▸ **Task objective**:
From the entries below, copy exactly the lines from the one that contains "混合燃料のエタノール濃度を計測できます。 ■ 流量センサとSPD-2401を組み合わせ、瞬時または積算流量..." through the one that contains "We supplied and", both included, and only those.

▸ **Supplied data**:

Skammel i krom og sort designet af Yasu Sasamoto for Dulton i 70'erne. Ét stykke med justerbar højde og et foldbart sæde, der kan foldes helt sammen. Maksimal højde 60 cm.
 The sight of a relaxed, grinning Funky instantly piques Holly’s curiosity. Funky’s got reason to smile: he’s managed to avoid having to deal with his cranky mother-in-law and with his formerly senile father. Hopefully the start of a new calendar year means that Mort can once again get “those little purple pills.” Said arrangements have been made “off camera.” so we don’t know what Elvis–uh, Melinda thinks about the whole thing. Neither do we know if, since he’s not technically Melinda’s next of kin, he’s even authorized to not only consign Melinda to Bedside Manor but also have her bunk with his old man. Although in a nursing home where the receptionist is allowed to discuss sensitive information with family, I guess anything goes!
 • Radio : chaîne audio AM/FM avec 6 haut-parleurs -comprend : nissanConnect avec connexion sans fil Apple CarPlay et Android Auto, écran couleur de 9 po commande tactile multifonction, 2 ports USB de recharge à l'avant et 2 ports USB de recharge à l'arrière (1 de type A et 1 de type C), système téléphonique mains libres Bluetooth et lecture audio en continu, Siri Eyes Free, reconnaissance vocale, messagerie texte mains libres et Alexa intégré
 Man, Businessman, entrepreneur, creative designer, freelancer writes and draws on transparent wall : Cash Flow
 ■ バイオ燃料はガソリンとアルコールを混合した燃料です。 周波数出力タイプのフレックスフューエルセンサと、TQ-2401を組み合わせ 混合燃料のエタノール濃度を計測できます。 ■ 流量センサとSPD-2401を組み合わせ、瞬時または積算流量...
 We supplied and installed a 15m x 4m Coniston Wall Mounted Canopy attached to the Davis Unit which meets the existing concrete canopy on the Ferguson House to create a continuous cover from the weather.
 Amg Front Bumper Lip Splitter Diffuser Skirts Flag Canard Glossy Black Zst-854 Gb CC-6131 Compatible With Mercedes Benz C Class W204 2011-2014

▸ **Reply**:
 ■ バイオ燃料はガソリンとアルコールを混合した燃料です。 周波数出力タイプのフレックスフューエルセンサと、TQ-2401を組み合わせ 混合燃料のエタノール濃度を計測できます。 ■ 流量センサとSPD-2401を組み合わせ、瞬時または積算流量...
 We supplied and installed a 15m x 4m Coniston Wall Mounted Canopy attached to the Davis Unit which meets the existing concrete canopy on the Ferguson House to create a continuous cover from the weather.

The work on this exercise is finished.